= Ali Javey =

American chemist and nanotechnologist

Ali Javey is a professor of electrical engineering and computer sciences at the University of California, Berkeley, a senior faculty scientist at the Lawrence Berkeley National Laboratory, and co-director of the Bay Area Photovoltaic Consortium and the Berkeley Sensor and Actuator Center. His research is focused on materials and device innovation for technological applications, particularly photovoltaics, wearable sensors, nanoelectronics, and programmable materials.

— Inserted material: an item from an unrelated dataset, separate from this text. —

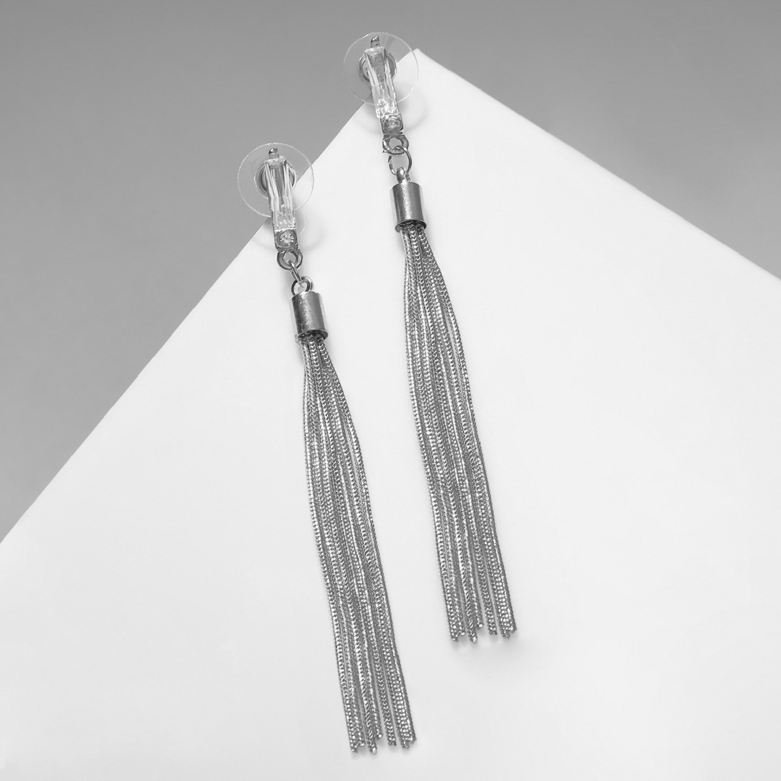 Серьги висячие "Кисточки" с прямоугольником, цвет белый в серебре, 8.5 см, 0.5x8.5x1 см., QF, Китай
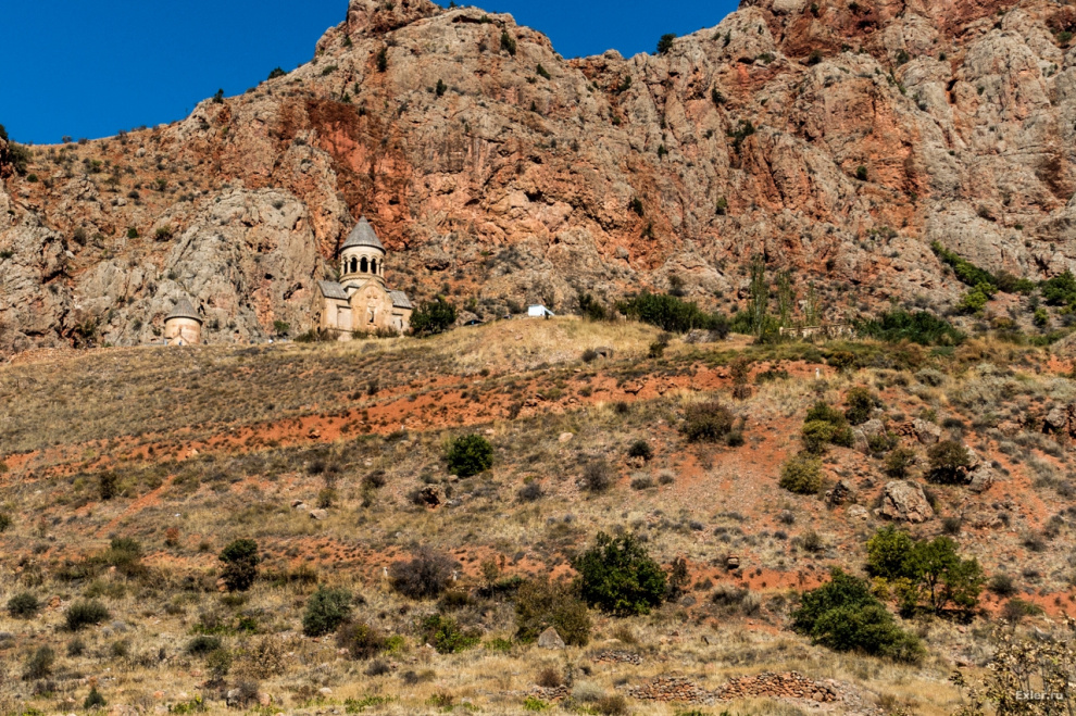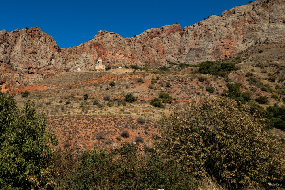 Монастырь Нораванк находится среди отвесных красных скал в глубоком и извилистом ущелье. Он был основан в ХII веке, стал крупным религиозным центром во времена правления князей Орбелянов, в ХIV веке монастырь был резиденцией епископов Сюника.

Javey is an Associate Editor for ACS Nano.

== Education ==
Javey received his BS in chemistry from Old Dominion University in 2001 and his PhD in physical chemistry from Stanford University in 2005. His PhD advisor was Hongjie Dai. He was a junior fellow of the Harvard Society of Fellows from 2005 to 2006.

== Honors and awards ==
- Dan Maydan Prize in Nanoscience and Nanotechnology (2020)
- Bakar Fellow – UC Berkeley (2016)
- MRS Outstanding Young Investigator Award (2015)
- Nano Letters Young Investigator Lectureship (2014)
- UC Berkeley Electrical Engineering Outstanding Teaching Award (2012)
- APEC Science Prize for Innovation, Research and Education (2011)
- Netexplorateur of the Year Award (2011)
- IEEE Nanotechnology Early Career Award (2010)
- Alfred P. Sloan Fellow (2010)
- Mohr Davidow Ventures Innovators Award (2010)
- National Academy of Sciences Award for Initiatives in Research (2009)
- Technology Review TR35 (2009)
- NSF Early CAREER Award (2008)
- U.S. Frontiers of Engineering by National Academy of Engineering (2008)
- Peter Verhofstadt Fellowship from the Semiconductor Research Corporation (2003).